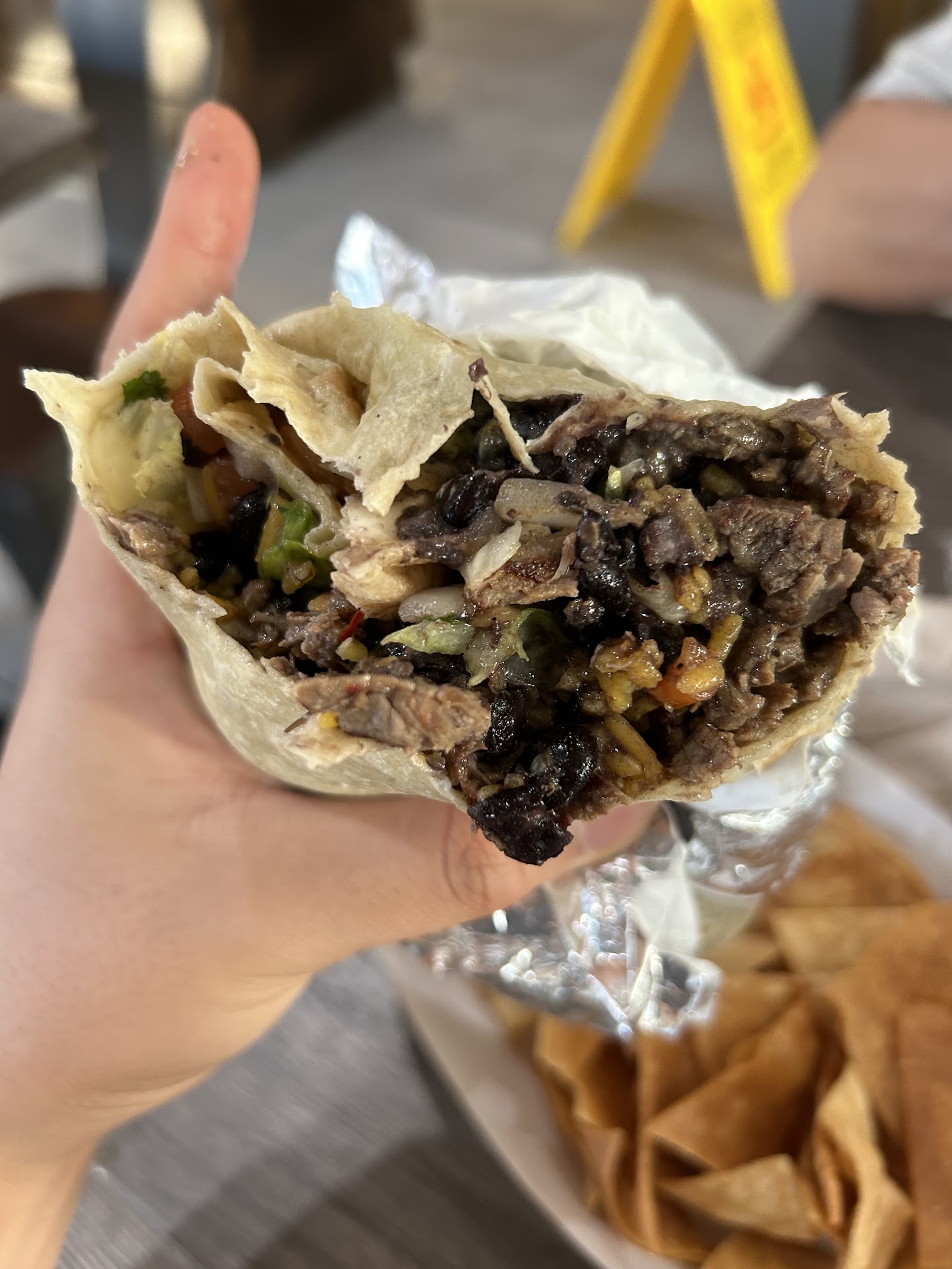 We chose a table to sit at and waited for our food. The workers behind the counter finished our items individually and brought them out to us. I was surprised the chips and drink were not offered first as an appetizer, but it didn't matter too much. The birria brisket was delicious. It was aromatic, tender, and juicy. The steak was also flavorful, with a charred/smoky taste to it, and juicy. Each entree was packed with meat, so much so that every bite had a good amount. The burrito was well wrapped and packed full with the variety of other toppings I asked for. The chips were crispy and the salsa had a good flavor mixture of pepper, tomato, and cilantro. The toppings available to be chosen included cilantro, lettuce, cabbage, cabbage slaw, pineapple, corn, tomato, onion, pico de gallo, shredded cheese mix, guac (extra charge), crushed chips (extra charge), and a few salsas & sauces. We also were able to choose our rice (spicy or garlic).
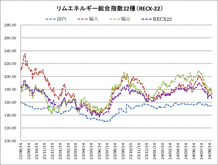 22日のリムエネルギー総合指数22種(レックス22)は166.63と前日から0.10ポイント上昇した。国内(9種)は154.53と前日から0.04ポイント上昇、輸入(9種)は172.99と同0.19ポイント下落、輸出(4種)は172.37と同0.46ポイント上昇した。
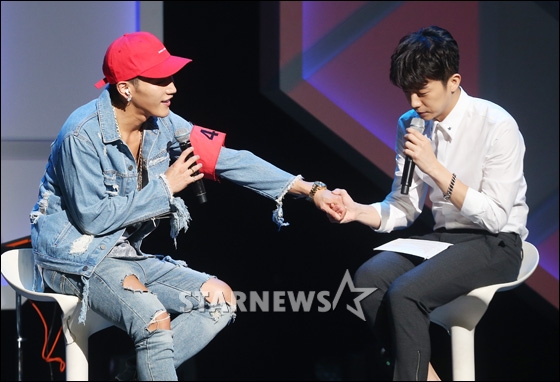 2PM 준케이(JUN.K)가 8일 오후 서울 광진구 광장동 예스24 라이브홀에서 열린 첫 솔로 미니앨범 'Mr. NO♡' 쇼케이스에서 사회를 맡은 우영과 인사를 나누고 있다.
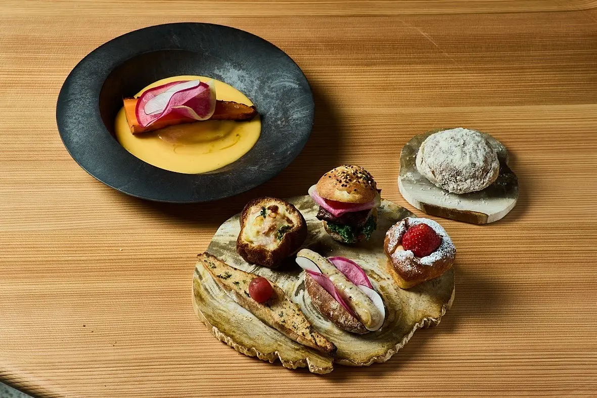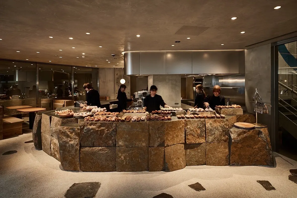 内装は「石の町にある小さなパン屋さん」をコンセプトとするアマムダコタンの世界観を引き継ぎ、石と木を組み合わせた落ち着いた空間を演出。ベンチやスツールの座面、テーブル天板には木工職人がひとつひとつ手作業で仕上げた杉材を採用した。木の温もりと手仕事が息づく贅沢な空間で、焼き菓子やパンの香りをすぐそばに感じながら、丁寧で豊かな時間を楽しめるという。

Required work
Except for the pictures, give the data again word for word.

The completed task
 We chose a table to sit at and waited for our food. The workers behind the counter finished our items individually and brought them out to us. I was surprised the chips and drink were not offered first as an appetizer, but it didn't matter too much. The birria brisket was delicious. It was aromatic, tender, and juicy. The steak was also flavorful, with a charred/smoky taste to it, and juicy. Each entree was packed with meat, so much so that every bite had a good amount. The burrito was well wrapped and packed full with the variety of other toppings I asked for. The chips were crispy and the salsa had a good flavor mixture of pepper, tomato, and cilantro. The toppings available to be chosen included cilantro, lettuce, cabbage, cabbage slaw, pineapple, corn, tomato, onion, pico de gallo, shredded cheese mix, guac (extra charge), crushed chips (extra charge), and a few salsas & sauces. We also were able to choose our rice (spicy or garlic).
 22日のリムエネルギー総合指数22種(レックス22)は166.63と前日から0.10ポイント上昇した。国内(9種)は154.53と前日から0.04ポイント上昇、輸入(9種)は172.99と同0.19ポイント下落、輸出(4種)は172.37と同0.46ポイント上昇した。
 2PM 준케이(JUN.K)가 8일 오후 서울 광진구 광장동 예스24 라이브홀에서 열린 첫 솔로 미니앨범 'Mr. NO♡' 쇼케이스에서 사회를 맡은 우영과 인사를 나누고 있다.
 内装は「石の町にある小さなパン屋さん」をコンセプトとするアマムダコタンの世界観を引き継ぎ、石と木を組み合わせた落ち着いた空間を演出。ベンチやスツールの座面、テーブル天板には木工職人がひとつひとつ手作業で仕上げた杉材を採用した。木の温もりと手仕事が息づく贅沢な空間で、焼き菓子やパンの香りをすぐそばに感じながら、丁寧で豊かな時間を楽しめるという。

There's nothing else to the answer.